Мне принесли из штаба приказание, я углубился в чтение. Бойцы занимались кто чем, и казалось, не обратили внимания на этот беглый разговор. Ан нет.
— А еще повара есть? — внятно раздался чей-то насмешливый голос.
— Есть, — тихо отозвался невысокий худощавый боец с чернявыми усиками. Лицо у него темно-смуглое, вроде закопченное.
— Просись вместе с лысым! Будет вас трое у Буянова…
— А на скольких готовить? — деловито уточнил усатенький, не понимая шутки.
— На одного… На Буянова.
Раздается общий смех. Буянов тоже хохочет и вновь обращается ко мне:
— Давайте его мне, приспособим…
Я прочел принесенное приказание и задумался… Ночевать здесь не придется: после обеда полк выступает. Вперед, вперед! Несмотря на значительные потери и перебои в снабжении, мы не даем противнику передышки. Нам трудно, а ему еще трудней: достаточно взглянуть на пленных, чтобы понять, какой стороной повернулась им нынешняя зимняя кампания. Обмороженные, бог весть чем поперевязанные, в соломенных ботах… Екнет иной раз сердце, да тут же и зачастит взволнованно: кто вас звал? Что повело вас в чужие земли? Что заставляет вас сеять по свету горе людское?
Тем временем новички мало-помалу познакомились со старослужащими, получили оружие, патроны, гранаты, и Буянов увел их куда-то за огороды. «Пострелять маненько», — сказал он. Пусть. Порох они, может, и нюхали, но автомат — штука серьезная.
В избе тепло. На лавке, поджав босые ноги, блаженствует Ступин. В руках у него огромные хозяйские ножницы. Ножницы эти определенно или садовые, или для стрижки овец, но это не мешает сержанту с удовольствием резать ногти на ногах. И за ним уже наметилась очередь.
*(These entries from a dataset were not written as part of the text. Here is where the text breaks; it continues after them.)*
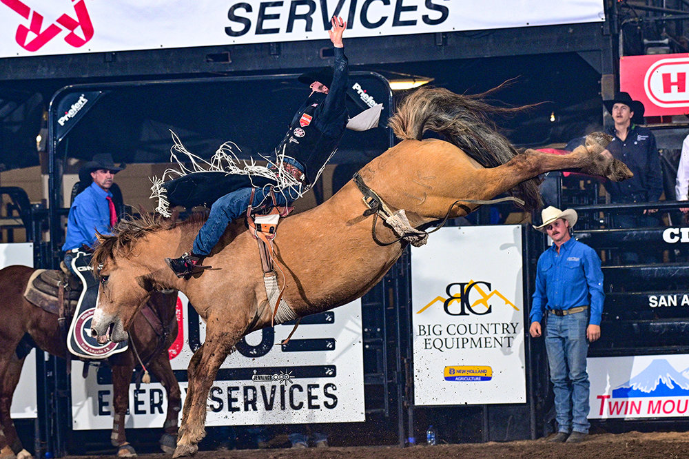 Chase Brooks rides Pete Carr Pro Rodeo’s High Dive for 86.5 points to finish the opening round in fourth place. He’s just a point off the lead, and he will be one of 11 saddle bronc riders competing for the championship Friday night. (PHOTO BY JENNINGS RODEO PHOTOGRAPHY) SAN ANGELO, Texas – Every sports fan loves it when games come down to the wire to decide the winners. Competitors love it, too. Saddle bronc riding at the San Angelo Stock Show and Rodeo is going to be decided during a showdown at Friday night’s championship round. Just three and a half points separates the 11 men who will compete for the San Angelo title. “At a lot of rodeos, it’s just gambling, and there are a lot of factors,” said Chase Brooks, who rodeo Pete Carr Pro Rodeo’s High Dive for 86.5 points during Thursday’s 10th performance; he finished fourth in the first round and secured his spot in the finale. “First, we had to get the right horse, and then we both have got to have the right day. So, you just show up do what we do all year, and I figure it’s going to lay the way God has it planned.” It seems simple. It isn’t. Brooks qualified for the National Finals Rodeo six straight years beginning in 2018. Injuries have sidelined him enough the last two years that he stayed home in December. His faith and a young family have been his saving grace when he wasn’t able to ride broncs. “A couple years of injuries slowed me down, but every time I was hurt, I got to spend more time at home with the girls, and I was fortunate for that,” said Brooks, 31, originally from Deer Lodge, Montana, but now living in Brock, Texas, with his wife, Cara, and their two daughters, C.J. and Cecile. “There’s always a reason He puts us somewhere. I think Him giving me a break like that was maybe the best thing that could ever happen to me.” It shows in the arena. Thursday was the second trip for High Dive inside CRC Roofers Coliseum. Canadian Kolby Wanchuk was 85.5 points on the powerful bay on the opening weekend. “I’d been on that horse a few years ago when he was still kind of young, still kind of wild,” said Brooks, who entered this week’s competition sixth in the world standings. “He really didn’t know what he was doing. I saw that Kolby had him earlier, and the horse was really good that day. I figured he’d matured and figured it out. He showed up, and I was happy I matched it.” Four-time world champion Zeke Thurston won the opening round with an 87.5-point ride on Carr’s Uptuck. Brooks is just a point behind, and his fourth-place check was worth $2,610. The big money will come Championship Friday. “The energy’s high in that building,” he said of the coliseum. “It’s a little bit smaller than the big, indoor rodeos like Houston, so the crowd really amplifies a bit more than other places. It fills up, and they have all the lights and the pyro. It’s a really cool setting, and it fires a guy up.” San Angelo Stock Show and Rodeo April 3-18 Bareback riding leaders: 1. Leighton Berry, 92 points on Korkow Rodeo’s Tator Tot, $7,128; 2. Cole Reiner, 88.5, $5,465; 3. Luke Thrash, 88, $4,039; 4. Wacey Schalla, 87.5, $2,614; 5. Wyatt Warneke, 87. $1.663; 6. Kade Sonnier, 86.5, $1,188; 7. (tie) Jayco Roper, Cooper Cooke, Bradlee Miller and Clayton Biglow, 86, $416 each; 11. (tie) Rocker Steiner and Kade Berry, 85.5. Steer wrestling: Third round leaders: 1. J.D. Struxness, 4.3 seconds, $4,794; 2. Tory Johnson, 4.4, $4,169; 3. (tie) Dalton Massey, Logan Mullin, Laramie Warren and Jacob Daniell, 4.6, $2,605 each; 7. (tie) Tyler Waguespack, Evan Spady, Cimarron Thompson and Tristan Martin, 4.7, $365 each. Average leaders: 1. Cody Devers, 13.4 seconds on three runs; 2. Jesse Brown, 14.1; 3. Colin Fox, 14.2; 4. (tie) Cimarron Thompson and Chase Crane, 15.3; 6. Tyler Waguespack, 13.4; 7. Colt Honey, 15.6; 8. Grant Peterson, 15.7; 9. (tie) Tony Aska and Coy Johnson, 16.4; 11. Trace Harris, 16.5; 12. J.D. Struxness, 17.0. Tie-down roping: Third round leaders: 1. Cory Solomon, 8.5 seconds, $4,828; 2. (tie) Brodey Clemons, Pax Vogel and Cash Enderli, 8.7, $3,569 each; 5. Richard Newton, 9.0, $2,309; 6. (tie) Trevor Hale, Tom Crouse and Quade Hiatt, 9.1, $1,050 each. Average leaders: 1. Beau Cooper, 26.2 seconds on three runs; 2. Joel Harris, 27.3; 3. Sam Lewis, 27.5; 4. Brodie Mattson, 27.7; 5. Cole Clemons, 28.2; 6. Dylan Hancock, 28.6; 7. (tie) Cash Enderli and Colton Suther, 28.8; 9. Brodey Clemons, 28.9; 10. Sterling Smith, 29.1; 11. Cory Solomon, 29.3; 12. Pax Vogel, 29.4. Saddle bronc riding leaders: 1. Zeke Thurston, 87.5 points on Pete Carr Pro Rodeo’s Uptuck, $7,118; 2. (tie) Mitchie Story and Damian Brennan, 87, $4,745 each; 4. Chase Brooks, 86.5, $2,610; 5. Lefty Holman, 86, $1,661; 6. (tie) Kolby Wanchuk and Joe Macqueen, 85.5, $1,068 each; 8. (tie) Kade Bruno and Blake Steuck, 85, $356 each; 10. (tie) Ryder Sanford and Tyrel Roberts, 84; 12. (tie) Darcy Radel, Wyatt Casper, Kole Ashbacher and Rusty Wright, 83.5.The final round will only feature the top 11. The four men in 12th place will not advance. Breakaway roping: Second round leaders: 1. Megan Powell, 2.0 seconds, $4,300; 2. (tie) Sawyer Gilbert, Kirby Rawlinson, Hailey Hall, Tibba Smith, Millie Greenwood and Bradi Good, 2.1, $2,078 each; 8. Kinlie Brennise, 2.2, $967; 9. (tie) Amy Ohrt, Jenna Caldarola and Danielle Lowman, 2.3, $752 each; 12. (tie) Cheyanne McCartney and Delani Beatty, 2.6, $484 each; 14. (tie) Zoie Bedke and Maddy Jacobs, 2.7. $269. Average leaders: 1. Danielle Lowman, 4.2 seconds on two runs; 2. Delani Beatty, 4.6; 3. (tie) Cheyanne McCartney and Cadee Williams, 4.8; 5. Amy Ohrt, 5.0; 6. Tibba Smith, 5.1; 7. Jenna Caldarola, 5.2; 8. (tie) Kirby Rawlinson and Adisyn Henderson, 5.3; 10. Continue Reading »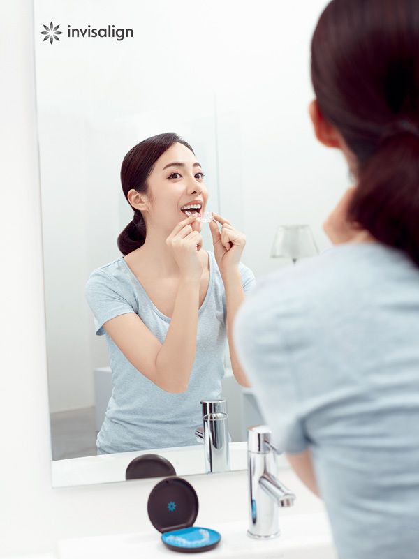ご自身でマウスピースを自由に取り外していただけますので、お食事もこれまで通り、歯磨きもきちんとできて清潔なお口を保てます。食事や歯磨きの時間以外は常にマウスピースをはめていただき、1日に20時間以上は装着することになりますが、スポーツや大切なお仕事がある場合は、マウスピースを外していただくことが可能です。 |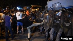 Накануне в ереванском районе Эребуни, где находится захваченное активистами здание, произошли столкновения демонстрантов с полицией. Участники протестов забросали кордон полицейских камнями. Чтобы разогнать толпу, полиция применила оглушающие бомбы, слезоточивый газ и дымовые шашки. К полуночи силы правопорядка взяли ситуацию под контроль.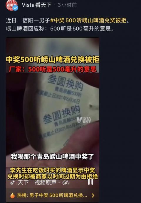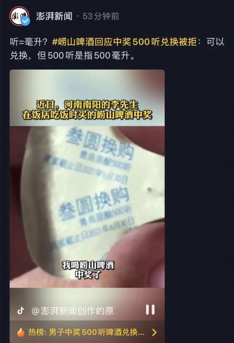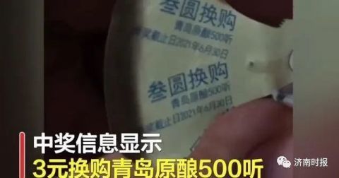 而崂山啤酒客服人员回应称换购青岛原酿500听是指500毫升不是指500罐据@沸点视频,12月20日,南阳的李先生在饭店吃饭时,无意中发现买的崂山啤酒中奖,显示 3元换购青岛原酿500听 。心情激动的李先生表示, 我可能要发达了!我喝了个青岛崂山啤酒,中奖了!500听,看到没有,截止到明年6月31日。

Ступина слегка поторапливают:
— Шевелись, сержант!
— Ему бы струг…
— Или… которым ветеринар копыта срезает.
Ступин работает, как всегда, сосредоточенно, молча. Шутки отлетают от него, как горох от стенки, только раз он и сказал — свое, сокровенное:
— Хотел сад осенью посадить…
И разговор сразу же принял другой оборот.
— Сад, он как где, — заметил угрюмый, бритоголовый повар-новичок Дворкин.
— По Днепру, милок…
— По говору — ты не тамошний.
— Жил… Днепрогэс возводил… Вот, милок, где цветет! И вишня тебе, и слива, и яблоня, и груша… Опять же — морель…
— Морель?
— Абрикос такой. Радость!
— Была радость, Гитлер там небось…
Ступин
молчит, да от него никто и не требует ответа, все и так ясно… Незаметно разговор соскользнул на извечную для нас тему.— Пробегал тут писарь, слышь… Говорит — Малоярославец отбили наши, — заметил все тот же Дворкин.
— Может… Однако, Сухиничи что-то… — ответил Ступин.
Собеседники помолчали. Ступин управился с ногтями и передал ножницы товарищу, потом помял портянки, аккуратно завернул, обулся.
За окном послышался гул, взвыла штабная сирена.
Мы выскочили на двор. Над селом, не снижаясь, прошел немецкий самолет. Это было до неправдоподобия удивительно, потому что в последних числах декабря налеты авиации участились. Самолеты почти в любую погоду висли над нами, бомбили и обстреливали не только колонны, но и мелкие цели, гонялись на бреющем даже за одиночками.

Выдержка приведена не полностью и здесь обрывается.